**TASK DESCRIPTION:** Lines from the entries below that hold "showing" form the answer; copy all of them.

[INPUT DATA]

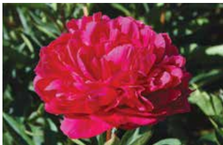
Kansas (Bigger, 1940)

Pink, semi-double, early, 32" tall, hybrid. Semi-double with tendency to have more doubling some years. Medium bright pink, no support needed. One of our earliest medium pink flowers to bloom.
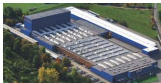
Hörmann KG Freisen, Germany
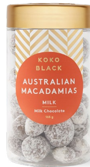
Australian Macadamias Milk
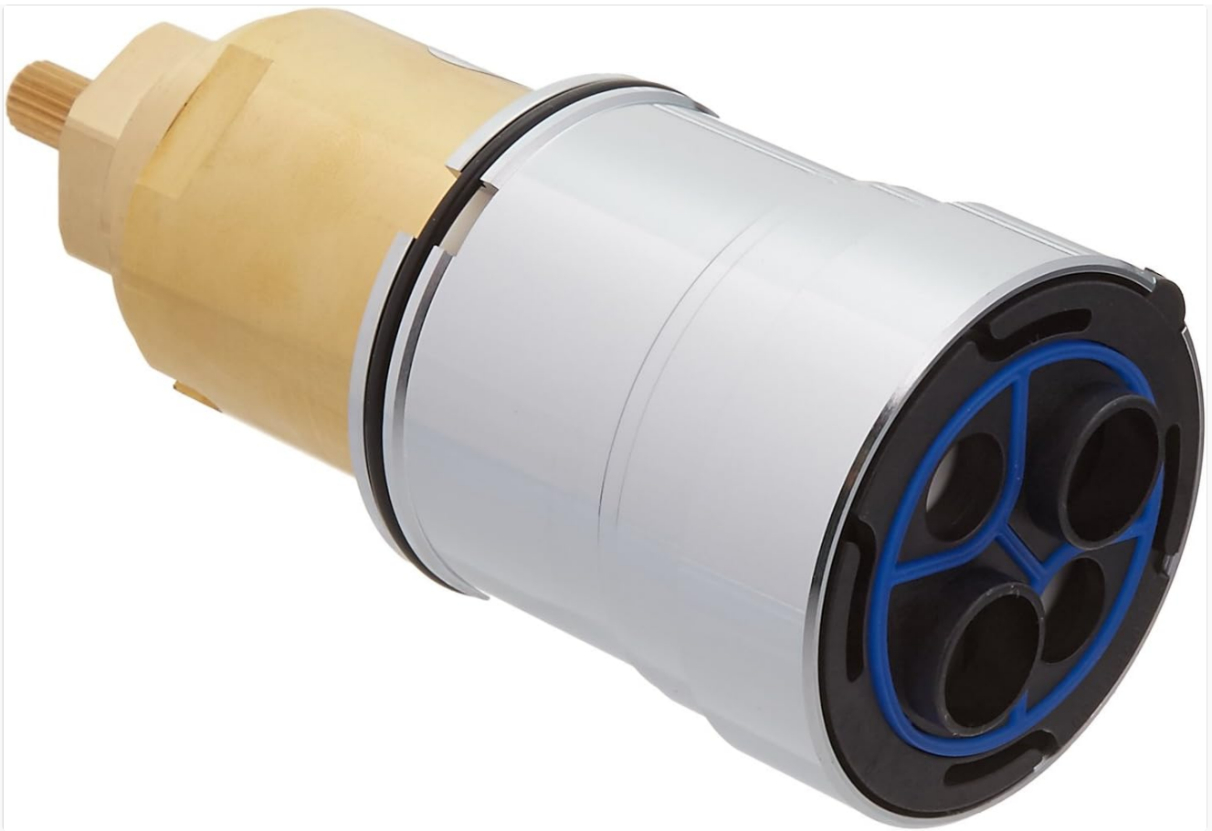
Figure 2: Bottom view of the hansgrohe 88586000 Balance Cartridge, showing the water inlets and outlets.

[/INPUT DATA]
[INPUT DATA]

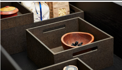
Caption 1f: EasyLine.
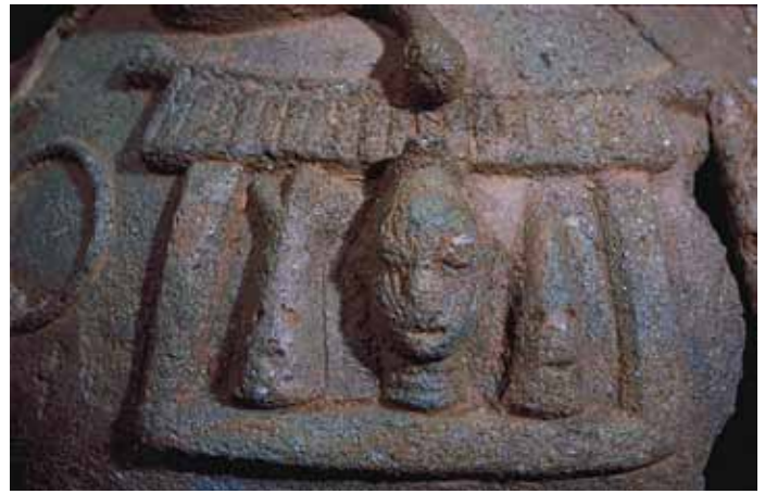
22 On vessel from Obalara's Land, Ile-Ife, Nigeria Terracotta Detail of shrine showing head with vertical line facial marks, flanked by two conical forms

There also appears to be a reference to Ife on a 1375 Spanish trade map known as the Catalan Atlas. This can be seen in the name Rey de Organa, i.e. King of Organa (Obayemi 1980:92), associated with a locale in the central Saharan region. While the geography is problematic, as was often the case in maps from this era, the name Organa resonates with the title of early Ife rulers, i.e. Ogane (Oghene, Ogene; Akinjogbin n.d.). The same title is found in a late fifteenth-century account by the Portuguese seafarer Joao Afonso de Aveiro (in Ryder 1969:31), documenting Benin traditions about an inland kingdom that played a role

[/INPUT DATA]
[INPUT DATA]

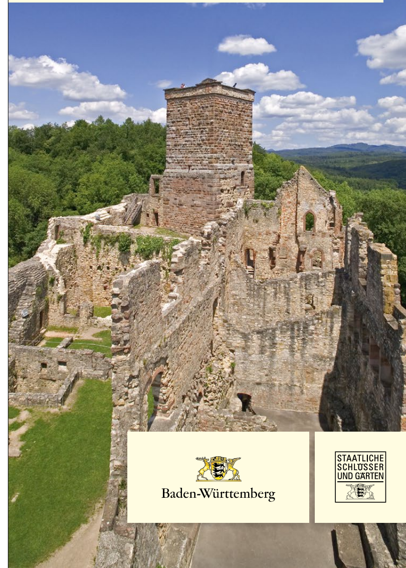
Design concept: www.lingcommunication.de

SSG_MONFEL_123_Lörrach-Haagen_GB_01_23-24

[/INPUT DATA]

**COMPLETED EXERCISE:**
Figure 2: Bottom view of the hansgrohe 88586000 Balance Cartridge, showing the water inlets and outlets.
22 On vessel from Obalara's Land, Ile-Ife, Nigeria Terracotta Detail of shrine showing head with vertical line facial marks, flanked by two conical forms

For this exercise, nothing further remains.